To find the stable path between source and destination, we need a communication link with minimum number of hops towards the destination. Since the node which is closer to the border line, towards the destination covers maximum distance, reduce the number of hops between source and destination. This is the reason that we have chosen the area for our next hop at the extreme end of the transmission range. Area that needs to be calculated is also known as the area of intersection of the circles with the radius of \(R_S\) and \(R_d\) respectively. Note that the area of circular segment of is equal to the area of circular sector minus the are of triangular portion. To find the area of the region we have the following standarad formula:

$$\begin{aligned} A = \left[ \frac{\left( \theta - sin \left( \theta \right) \right) \cdot R^2 }{2} \right] \end{aligned}$$
(1)

Total area of both the segments can be calculated using the above formula:

$$\begin{aligned} A_{Total} = A_{Int1} + A_{Int2} \end{aligned}$$
(2)

However

$$\begin{aligned} A_{Int1} \simeq \left[ \frac{\left( \alpha - sin \left( \alpha \right) \right) \cdot R_s^2 }{2} \right] \end{aligned}$$
(3)

And

$$\begin{aligned} A_{Int2} \simeq \left[ \frac{\left( \beta - sin \left( \beta \right) \right) \cdot R_s^2 }{2} \right] \end{aligned}$$
(4)

Now, we have the entire region for expected relay node

$$\begin{aligned} A_{Total}=\left[ \frac{\left( \alpha - sin \left( \alpha \right) \right) \cdot R_s^2 }{2} \right] +\left[ \frac{\left( \beta - sin \left( \beta \right) \right) \cdot R_s^2 }{2} \right] \end{aligned}$$
(5)

Therefore, we can say that the \(A_{int1}\) and \(A_{int2}\) represents that region of the circle in which the source vehicle looks for the neighbor vehicle.

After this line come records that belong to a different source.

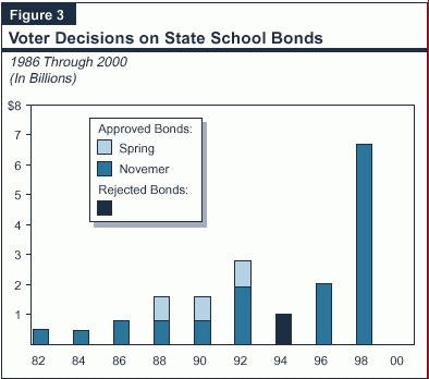Although districts typically incur capital outlay expenses every year--refurbishing or constructing facilities, acquiring land, or developing architectural plans--the state offers facility aid on an unpredictable basis. As Figure 3 shows, state voters have approved general obligation bonds for schools 11 times over the last 20 years and rejected them once. State bonds are usually fully depleted before additional funds are authorized by voters, leaving "hills and valleys" of revenue availability. This unpredictability in state funding impairs district capacity to plan, build schools, and raise supplementary local funds.
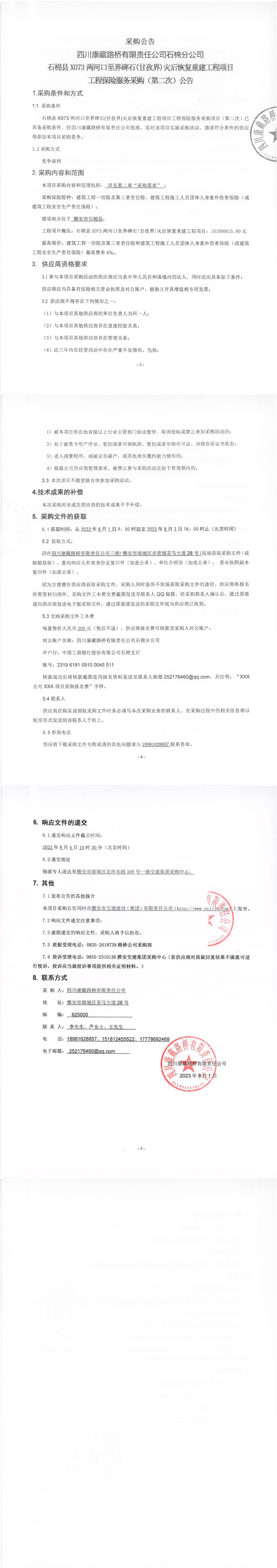 四川康藏路桥有限责任公司石棉分公司石棉县X073两河口至界碑石(甘孜界)灾后恢复重建工程项目工程保险服务采购(第二次)公告
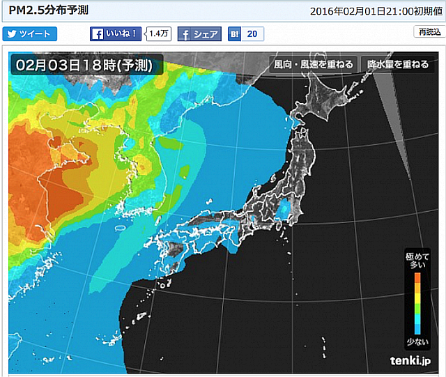 吸っているのに該当し、中国で毎日4000人が大気汚染が原因で死亡しているとされ、これは中国全体の死亡者の17%になる。上の図は2015年のもので、現在はこれより更に深刻な状況になっている。日本の環境基準値は 1日平均値が35μg/m3以下で、我が家のある札幌の北での12月24日9時の平均は7μg/m3となっている。日本の北だが、これからは右の図ように大陸からの汚染の影響を受けて数値が高くなることもあり、決して他国のこととは言っていられない。 過去ブログ:2016年12月世界各国で大気汚染が深刻化 参照記事 参照記事 参照記事2016年12月26日:中国の立法機関、全国人民代表大会(全人代)は25日、同国初となる環境保護税を2018年から導入する法案を可決した。中国では大気や土地、水質の汚染問題に政府が有効な手を打てていないことに国民の間で不満が高まっている。
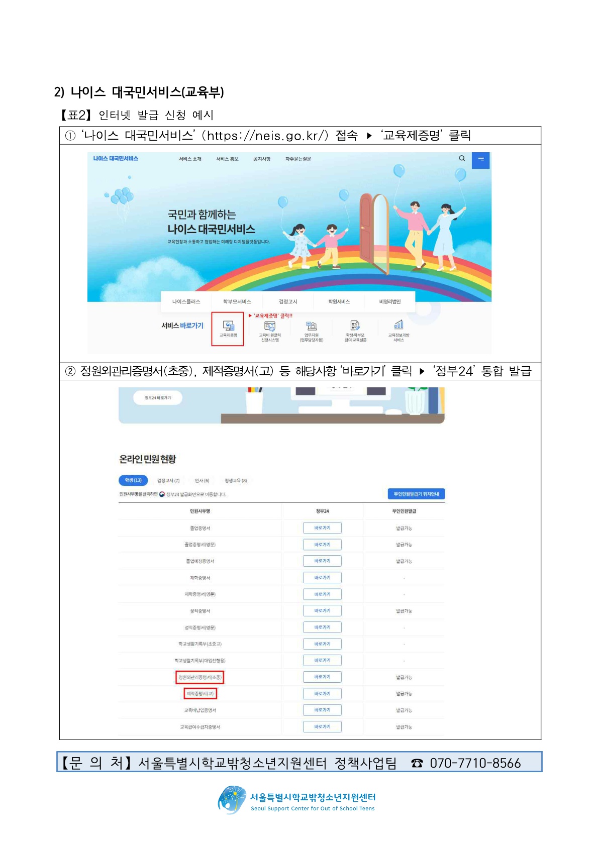 1. 개인정보의 이용 목적 : 학교 밖 청소년 지원 서비스 안내, 사업실적보고, 만족도조사
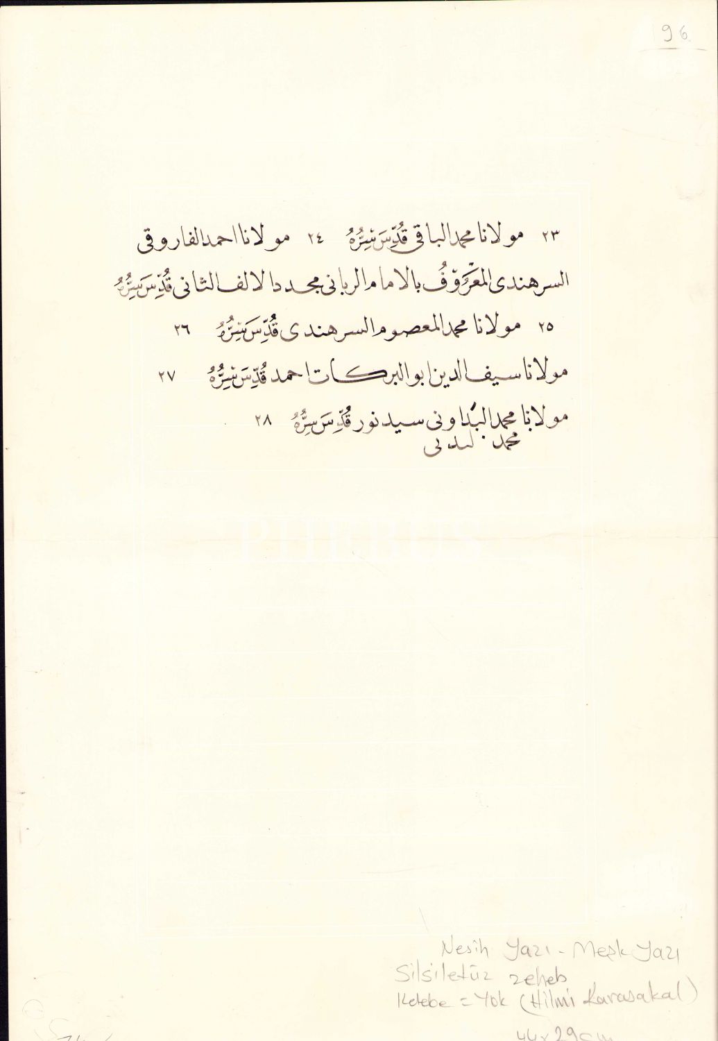 Nesih Silsiletü'z-Zeheb Meşk Yazı, 29x44 cm
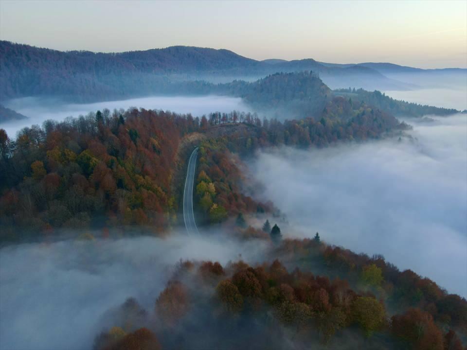 Çam Dağı'nda sis sonbahar renkleriyle bütünleşti
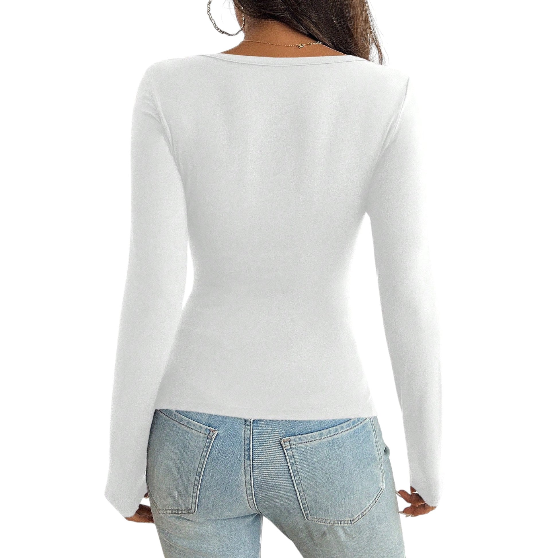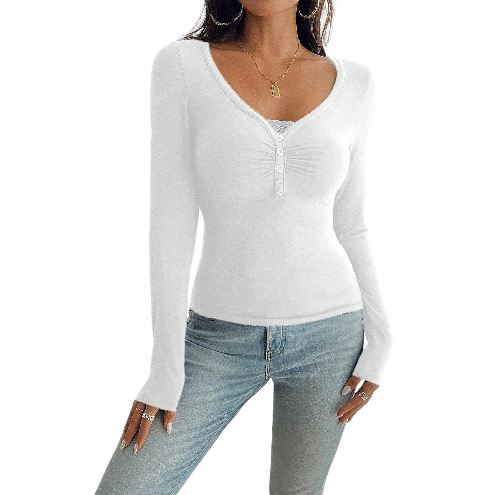 Címke nélküli, fehér, hosszú ujjú, V-nyakú felső, elöl gombokkal és csipke díszítéssel.
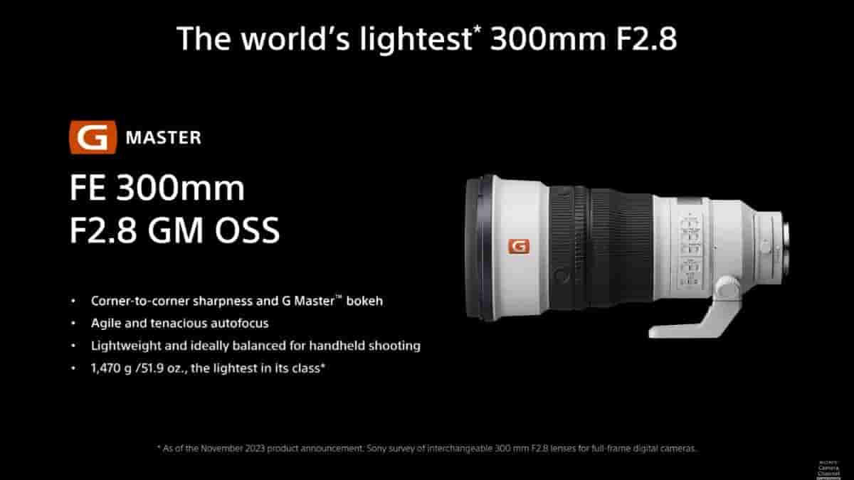 The FE 300mm F2.8 GM OSS lens from Sony is the world’s lightest 300mm F2.8 lens and is ideally balanced for better handheld shooting. It is only 1,470 gm/ 51.9 oz. in weight, and as mentioned, is the lightest in its class.
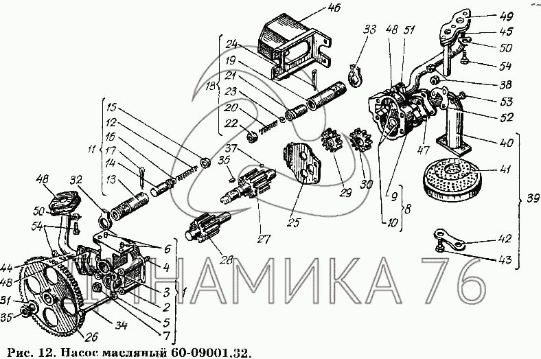 Схемы запчастей предназначены для справочных целей! Мы продаем не все запчасти от Насос масляный 60-09001.32 на Т-150К, представленные в этом списке.
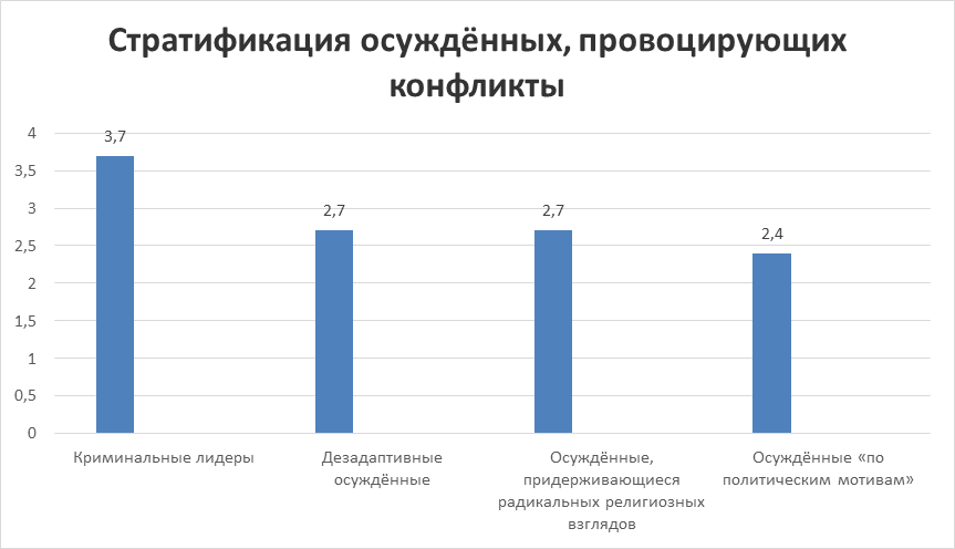 Таким образом, мы определили, что контрсубъекты пенитенциарного конфликта делятся, с одной стороны, на сотрудников и осуждённых, сотрудничающих с администрацией, а с другой – на осуждённых отрицательной направленности, которые в свою очередь делятся на криминальных лидеров, осуждённых, придерживающихся радикальных религиозных взглядов, дезадаптивных осуждённых и т. д. Внешними участниками конфликта могут быть: родственники осуждённых, адвокаты, правозащитные и общественные организации (общественные наблюдательные комиссии), органы прокуратуры, судебные органы, международные организации (Европейский комитет по предупреждению пыток и т. д.). Наибольшую же общественную опасность представляют собой пенитенциарные конфликты с участием криминальных лидеров, осуждённых, придерживающихся радикальных религиозных взглядов, и дезадаптивных осуждённых.
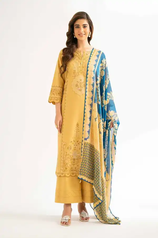 Mustard color lawn 3 piece digital printed embroidered suit Rs: 8,490 Rs:5,094.

2.3.3 Node relative velocity

Direction and speed of a vehicle plays a significant role for the estimation of path duration, it is because direction of a vehicle directly effects the link duration. At this step, we are enthusiastic more in relation and derivation for the relative velocity with its various cases. A city scenario is considered for our model with the moving vehicles in both the direction. Lets assume a scenario that we have two moving vehicles with velocities \(v_1\) and \(v_2\), respectively, and the distance between them is d while the range for radio communication of a vehicle is expressed as r. In order to determine different velocities, four general cases for the velocities of these moving vehicles are considered:

Case 1: when both the vehicles have same direction with same velocity then communication link is available for longtime \(T_1\) between them. Relative velocity between the vehicles, with velocity \(v_1\) and \(v_2\) respectively, can be calculated using the following cosine law as:

$$\begin{aligned} \left| {\mathop {v_r}\limits ^{\rightarrow }}\right| = \sqrt{v_{1}^2 + v_{2}^2 - 2 v_{1} v_{2} Cos\theta } \end{aligned}$$
(6)

When both the vehicles have same directions but different velocities, the vehicle with greater velocity can be represented as: \(v_1\) which is \(\lambda\) times greater then \(v_2\). Whereas the value of \(\lambda\) varies from 1 to 4.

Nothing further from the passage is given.